Er ist so konstruiert, dass er die Belastung für die einzelnen Strukturen des Fußes erhöht, um sie zu trainieren. Daraufhin gab es eine Riesendiskussion in der Industrie: Eine Firma, die mit ihrer „Nike Air“-Technologie lange die Führungsrolle in allen Fragen der Dämpfung hatte, machte plötzlich genau das Gegenteil: Die Belastung erhöhen. Mittlerweile haben wir aber wieder ein ganz neues Paradigma. Wir haben gelernt, dass jedes Gelenk einen Bewegungspfad hat, und wenn der verlassen wird, erhöht sich die Gefahr von Überlastung und Verschleiß. Es geht also darum, die Schuhe so zu bauen, dass die gewohnten Bewegungspfade des Fußgelenks und des Kniegelenks möglichst wenig gestört werden.
Sie haben mit Ihren biomechanischen Instrumenten aber auch völlig andere Dinge gemacht. Zum Beispiel waren Sie an der Aufklärung von Kriminalfällen beteiligt.
Es geht bei meiner Arbeit immer darum, Ereignisse zu rekonstruieren und zu verstehen, unterschiedliche Variablen auf eine kausale Ebene zu bringen. Und da sind wir ganz schnell bei forensischen Anwendungen: Jemand wird vor einem Haus aufgefunden, und oben ist ein geöffnetes Fenster oder ein Balkon. Wie kann es sein, dass der Tote mit dem zertrümmerten Schädel gerade so unten angekommen ist. Ist er gestürzt? Ist er gesprungen? Wurde er gestürzt? Oder ist er gefallen, weil irgendwas da oben am Geländer abgebrochen ist?

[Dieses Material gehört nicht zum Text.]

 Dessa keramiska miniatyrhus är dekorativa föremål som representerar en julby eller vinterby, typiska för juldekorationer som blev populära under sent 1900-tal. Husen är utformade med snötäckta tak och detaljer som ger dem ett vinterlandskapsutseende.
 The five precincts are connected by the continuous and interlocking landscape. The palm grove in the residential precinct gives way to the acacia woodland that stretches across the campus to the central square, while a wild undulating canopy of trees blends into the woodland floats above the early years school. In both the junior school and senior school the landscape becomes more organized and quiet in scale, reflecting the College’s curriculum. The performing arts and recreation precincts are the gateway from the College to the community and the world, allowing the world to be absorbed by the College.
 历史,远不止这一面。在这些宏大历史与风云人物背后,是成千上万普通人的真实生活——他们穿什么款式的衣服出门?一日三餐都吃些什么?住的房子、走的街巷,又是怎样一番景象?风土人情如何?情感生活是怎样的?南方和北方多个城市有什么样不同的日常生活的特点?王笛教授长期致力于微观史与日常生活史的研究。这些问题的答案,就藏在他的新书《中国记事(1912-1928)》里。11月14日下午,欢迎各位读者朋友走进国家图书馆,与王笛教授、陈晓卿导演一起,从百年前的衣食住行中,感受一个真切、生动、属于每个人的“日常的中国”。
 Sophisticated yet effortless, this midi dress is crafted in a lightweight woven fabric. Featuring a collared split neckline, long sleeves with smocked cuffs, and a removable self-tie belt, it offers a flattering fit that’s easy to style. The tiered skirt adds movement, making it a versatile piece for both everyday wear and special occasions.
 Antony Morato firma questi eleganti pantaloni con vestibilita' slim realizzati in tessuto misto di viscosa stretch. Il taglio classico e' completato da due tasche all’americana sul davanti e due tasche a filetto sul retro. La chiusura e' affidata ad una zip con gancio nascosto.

In diesem Rahmen haben sie auch den Unfall von Samuel Koch bei „Wetten, dass…“ untersucht.
Das war die gleiche Fragestellung: Warum ist dieses Ereignis eingetreten? Wir konnten zweifelsfrei zeigen, dass die Unfallursache ein bewegungstechnischer Fehler beim Absprung war. Eine minimale Abweichung mit großen Folgen.
Ihr Drang, besondere Phänomene zu verstehen, hat Sie bis nach Jamaika geführt, wo Sie untersucht haben, warum die Sprinter dort so unglaublich schnell sind. Haben sie Antworten gefunden?

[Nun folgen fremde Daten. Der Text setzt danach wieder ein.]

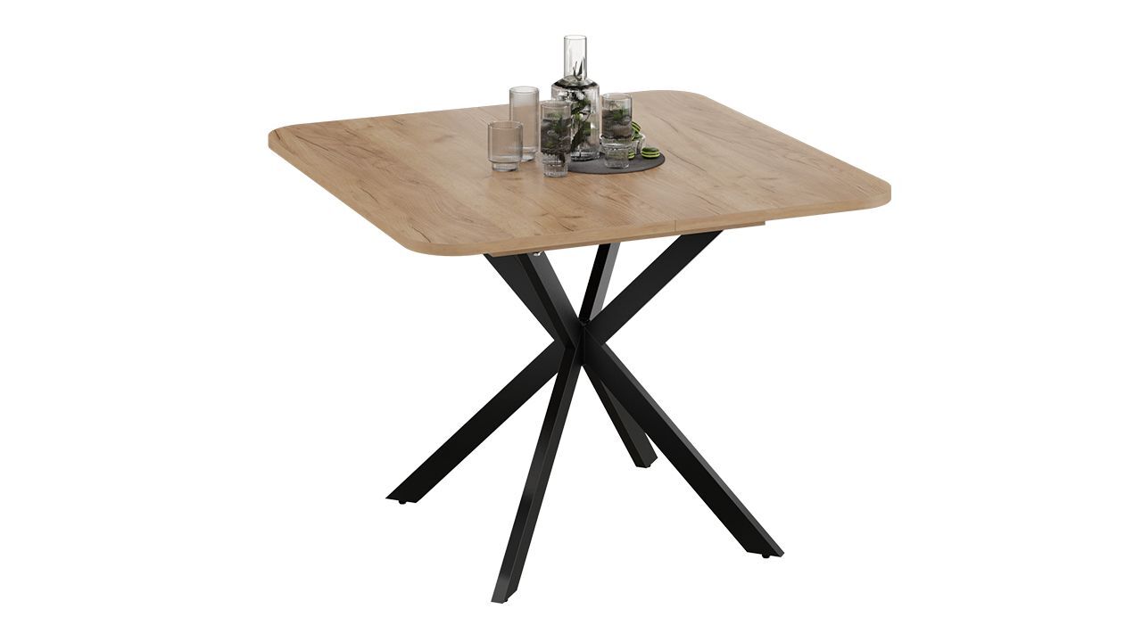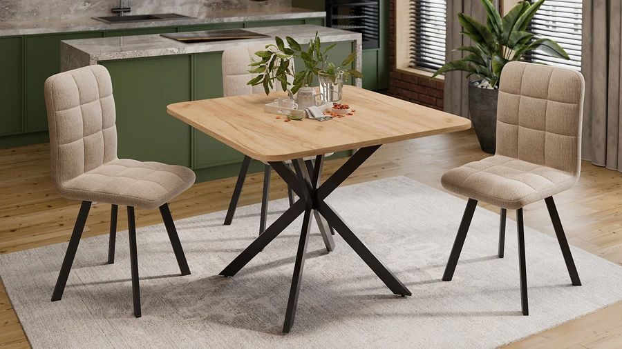 Стильный дизайн. Квадратный обеденный стол на перекрещенных ножках смотрится стильно, лаконично и ненавязчиво в любом интерьере. Столешница выполнена из ЛДСП 22 мм. Яркая особенность — оригинальная форма столешницы и опоры из металла, которые смотрятся привлекательно и современно. Ножки окрашены порошковой краской в цвета «Белый муар» и «Черный муар».

Bei diesen Athleten wollten wir wissen, welche Besonderheiten ihr Körper aufweist. Wir konnten verstehen, welche Eigenschaften des Muskel-Sehnen-Systems den Erfolgen dieser Sprinter zu Grunde liegen. Die haben tatsächlich besonders gute biomechanische Voraussetzungen, um schnell zu laufen.
Nun stehen Sie kurz vor dem Ruhestand, reden aber noch voller Leidenschaft von ihrer Arbeit. Können Sie wirklich einfach so aufhören?
Ich habe noch eine ganze Menge Projekte und Ideen, die ich weiter betreiben möchte. Aber ich werde das nicht mehr nur in der Umgebung der Universität machen. Hier muss mal frisches Blut ran und jungen Leuten die Chance gegeben werden, sich zu profilieren.